Maybe if Disch's more extended prose had made it into the game, maybe if the author had stayed more involved, maybe if publishers had invested more technology and less hype into the concept of living literature, Amnesia might have been a hit. It was not. Disch, in a 1984 interview, saw the failure coming: “I don’t suppose literary people are going to be interested in interactive fiction except as something that they might be able to dismiss in a quick essay as a sign of how we’re all becoming mechanized and alienated.” He didn't think gamers would be much interested in it, either. Infamous '80s reviewer Scorpia summed the game up bluntly: “Terrific prose, nice maps, too much novel, not enough adventure.”
But Amnesia remains compelling for the rare glimpse it offers into a parallel universe of text games: one where story and simulation did a different kind of dance with each other, where real-world challenges could be as engrossing as fantastical ones, and where a parser could aspire to more than merely interpreting a command. Scripted by a gaming outsider, adapted by a young coder with nothing to lose, it took risks few other games at the time were taking. It tried its best to be something genuinely new, and that’s worth remembering.

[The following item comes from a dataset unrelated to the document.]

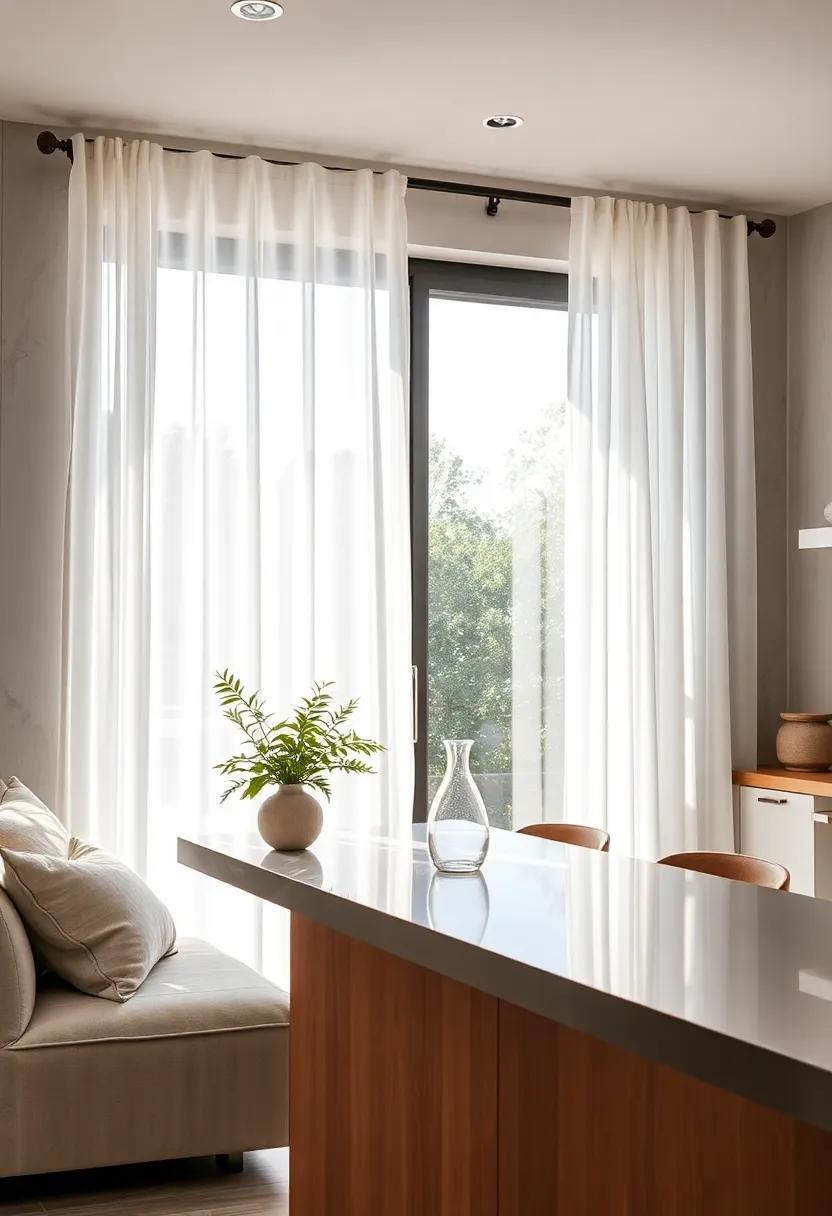 Sheer Elegance: Delicate white sheer curtains that gently filter sunlight, creating a bright and airy atmosphere while maintaining privacy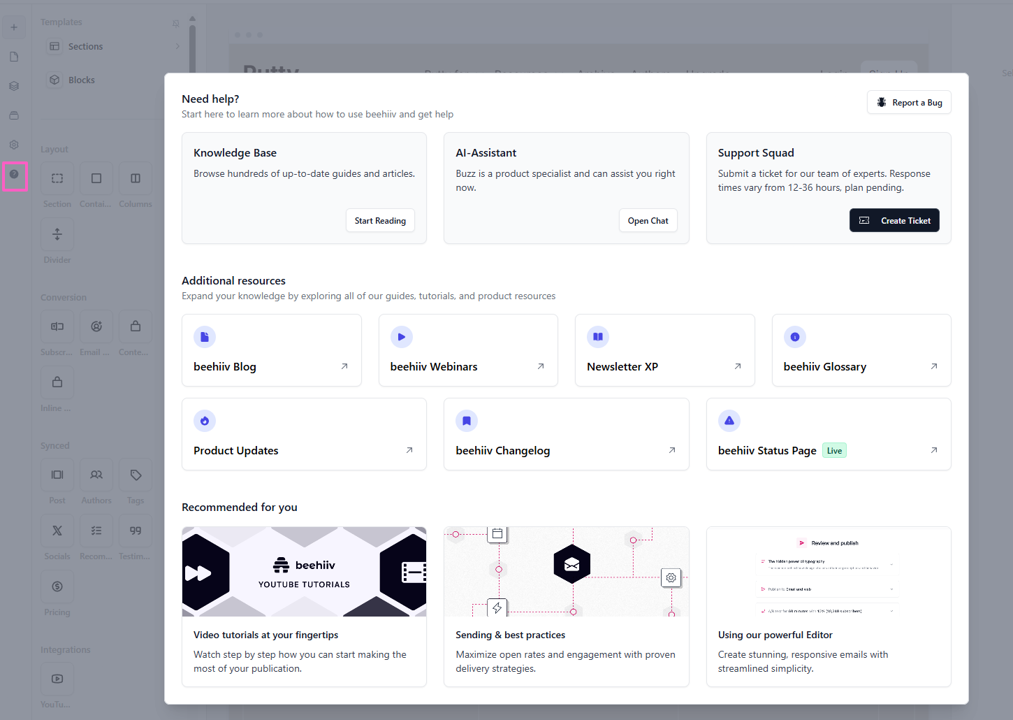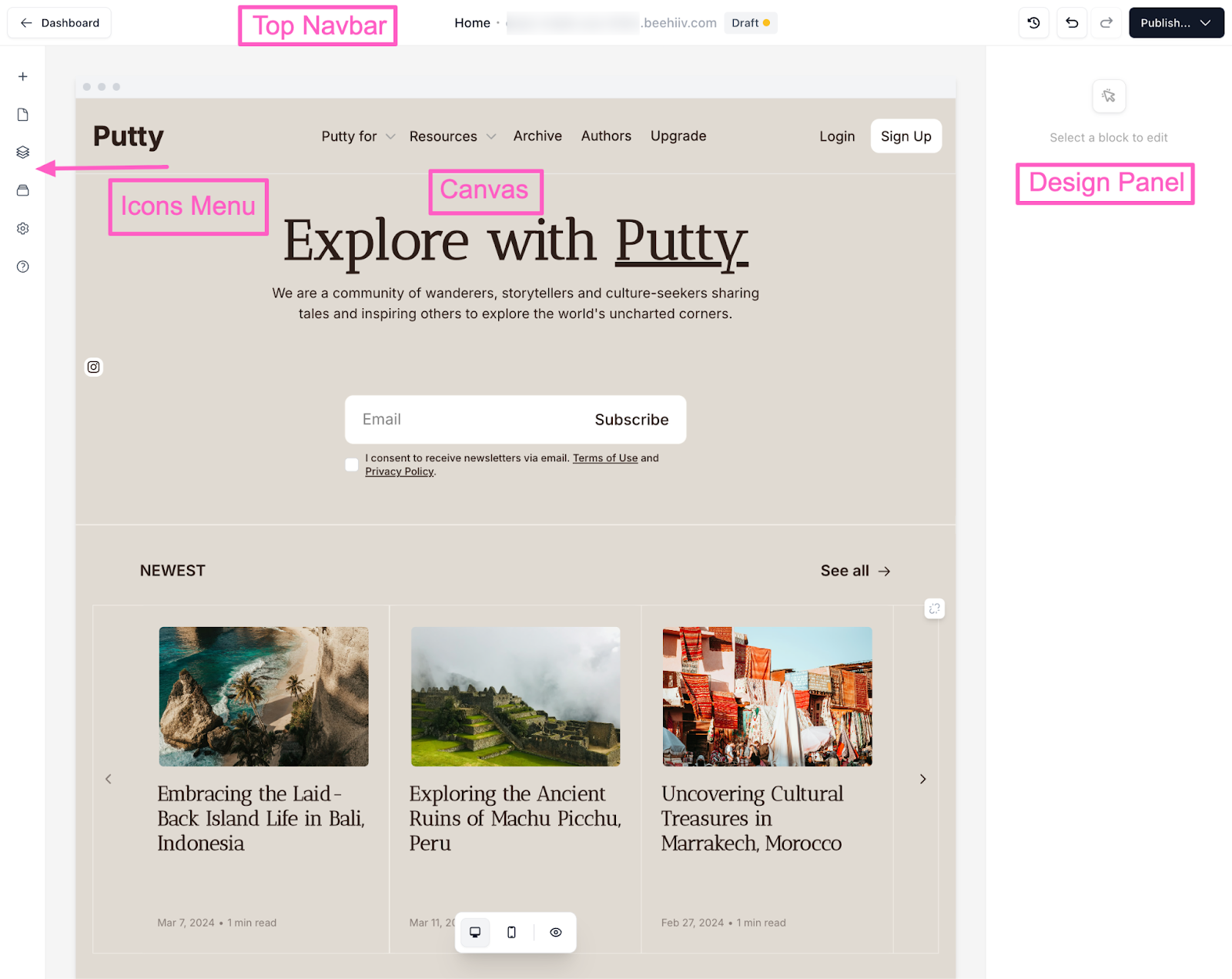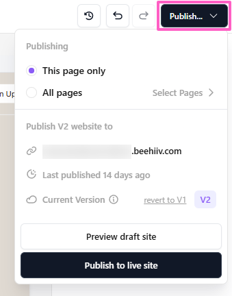 - Dashboard button: Exit the Website Builder and return to your beehiiv account dashboard.

You can play the original version of Amnesia in an emulator or find Disch’s original manuscript online. In 2021, a new version for the web was created that restores much of Disch’s cut text and offers a more modern interface. Major sources not linked inline include a 1986 interview with Disch in the magazine “Last Wave,” another interview in the 1990 book “Across the Wounded Galaxies: Interviews with Contemporary Science Fiction Writers,” and Jimmy Maher’s coverage on The Digital Antiquarian. This article debuted in a slightly modified form in the book “Total Amnesia: The Complete Text and Programming Notes of the World's Most Famous Lost Computer Game,” edited by Sarah Smith.
I bought this game at 16 or 17. My teacher, Dr. Leek, realized that I had a difficult home life (my parents were separated, then got back together, not for the better) and set a series of challenges for me to succeed in her chemistry class and in Science League, an after-school competition. When I met the goals, she loaned me the school's Apple IIe for the summer.
I saw this game and bought it. I never finished it, and I keep meaning to try it and see if I can see the ending. I didn't know about the new version, and I'll definitely try it.
As a virginal suburban kid, a lot of the subtext of Disch's work went over my head, but I still loved the idea of exploring NYC. As an adult who ended up consulting in the Big Apple for a few years, as empty as the game was, I think it set the bar a little higher than reality. The NYC of the last ten years turned out to be a bit emptier than the game, and Manhattan lost its appeal.
But what a game, even if it was a commercial failure.